Published in 1802
" It is a characteristic property of all great disorders in the political system, that they do as much injury to the states apparently benefited by the destruction of the balance, as to the immediate losers, by the disproportion introduced.
It is the true and permanent interest of every nation, without exception, to preserve a due proportion between its own strength and that of its neighbours; and to maintain a just distribution of power among all the members of the federative system. The advantages of a dangerous ascendancy are always deceitful; for the public welfare of a nation cannot be secure without the satisfaction of its neighbours, and the confidence of the world.
An enlightened policy requires a due attention to these important requisites of peace, on the part of the greatest, as well as the smallest states. Were France to distinguish her true interests, were the voice of reason to prevail above the dictates of ambition and avarice, her statesmen would easily be convinced that what now is called, by a shameful abuse of words, the federative system of Europe, is nothing but a compound of inordinate power on the one hand, and impotence on the other; in which no real independence, no stability or security, and no permanent peace can exist; and which is consequently incompatible with the general welfare."—
Of the nature of alliances with France, Mr.
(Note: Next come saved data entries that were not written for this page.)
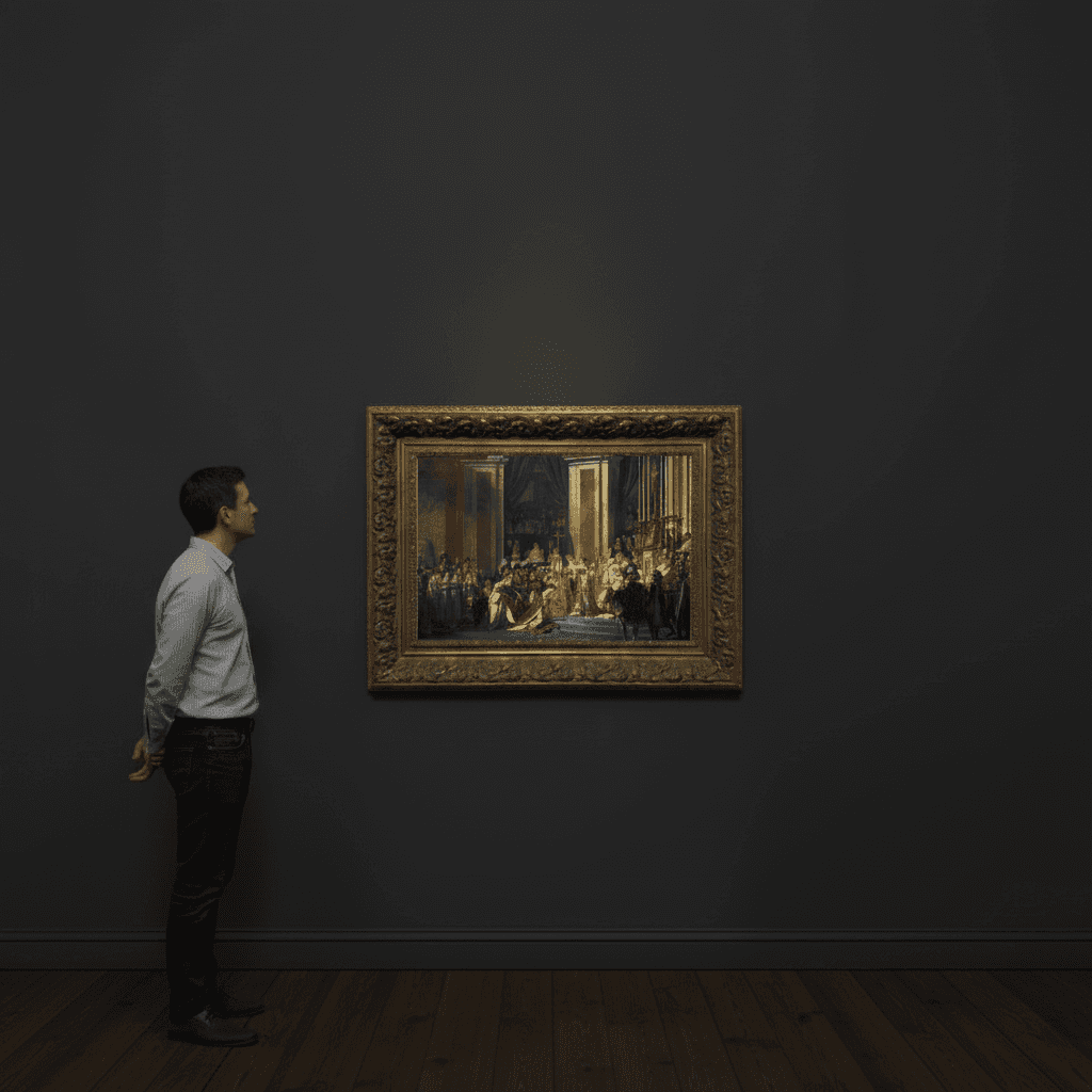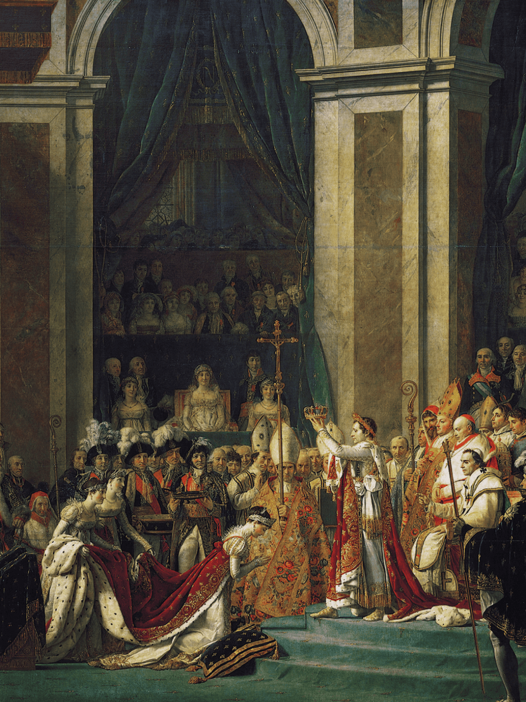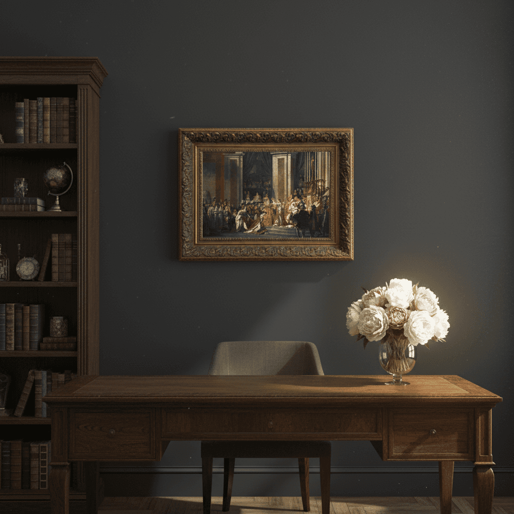 กรอบรูปลายหลุยส์เก่า งานภาพพิมพ์ สไตล์ สีน้ำมันบนผ้าใบ ภาพ Joséphine kneels before Napoléon during his coronation at Notre Dame. Behind him sits pope Pius VII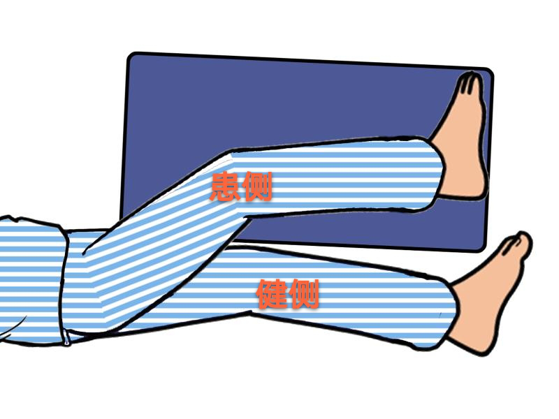 2.侧卧位:健腿在下适当弯曲,双腿间放置枕头(枕头要足够蓬松且长度超过小腿),患侧腿借助枕头垫起呈向外轻度打开的状态(高于心脏)。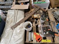 saw, measuring tape, chains, etc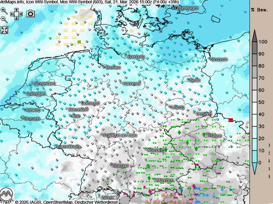 Ein Kaltlufttropfen verpasst den Lufttemperaturen am Nachmittag vor allem im Südosten Deutschlands einen deutlichen Dämpfer: Gebietsweise ist es hier bei dichten Wolken und etwas Regen sechs Grad kälter als noch am Freitag.
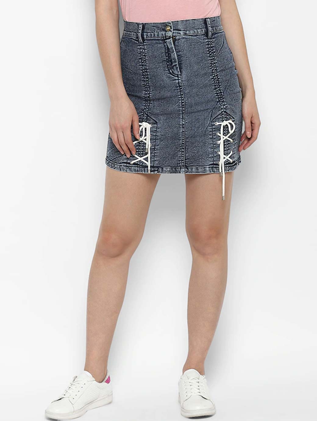 Blue washed mini A-line denim skirt, has a waistband with belt loops, button closures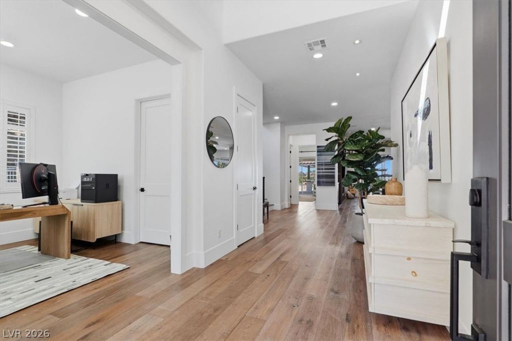 Tucked at the end of a private cul-de-sac within a gated Seven Hills community, this renovated estate FEATURES A RARE 8 CAR GARAGE CAPACITY and sits on the largest homesite in the neighborhood (.50 acres). Wide-plank hardwood floors, 8 baseboards, and a stone fireplace elevate the interior, while dual sliders create seamless indoor-outdoor living. The 2023 remodeled kitchen showcases a leathered quartzite waterfall island with new cooktop, dishwasher, sink, and hardware. All four full baths are beautifully renovated, including marble in the primary and quartzite in secondary baths. Upstairs offers sweeping city views, and large laundry. The property includes a 3-car attached plus oversized 5-car detached garage w/separate-access workshop. The resort-style backyard features a lagoon pool/spa, custom BBQ pavilion with seating for 20 & pellet grill, sunken fire pit, raised garden beds, half-court basketball w/shooting machine, & regulation pickleball court w/solar lighting.

Gentz speaks in the following explicit manner, p. 273.—“The author of the Etat de la France, has dignified the alliances of the French republic with Spain, Holland, and Genoa, by calling them the first foundation of a future federal edifice. He quotes them as honourable and irresistible proofs of the generosity and disinterestedness of the republic, as assurances of the uprightness of her principles, and as the productions of an almost wonderful political wisdom, &c. Such were the alliances (though the terms were certainly move favourable), of Sicily, Greece, Asia Minor, Egypt, &c. with the Romans!
If the future alliances of France are to be formed on these models; if the present condition of Switzerland and Holland, Italy and Spain, awaits all those to be hereafter leagued with the French government, it may well be asked, whether the friendship and protection of that power are less fatal than her declared enmity.
If these relations, formed and maintained by force of arms, are to be the basis of a new federal system, and a future law of nations, Europe must ardently wish that the superstructure, to be "raised upon such a foundation", may never be completed, &c. Thus have her alliances been hitherto formed; and thus will it be with all succeeding ones.
Such must, and will continue to be the system of politics, when the ascendancy of one nation has destroyed the security of all; when, deprived of every federative safeguard, the weak are reduced to utter helplessness, and the law of nations is supplanted by the law of force."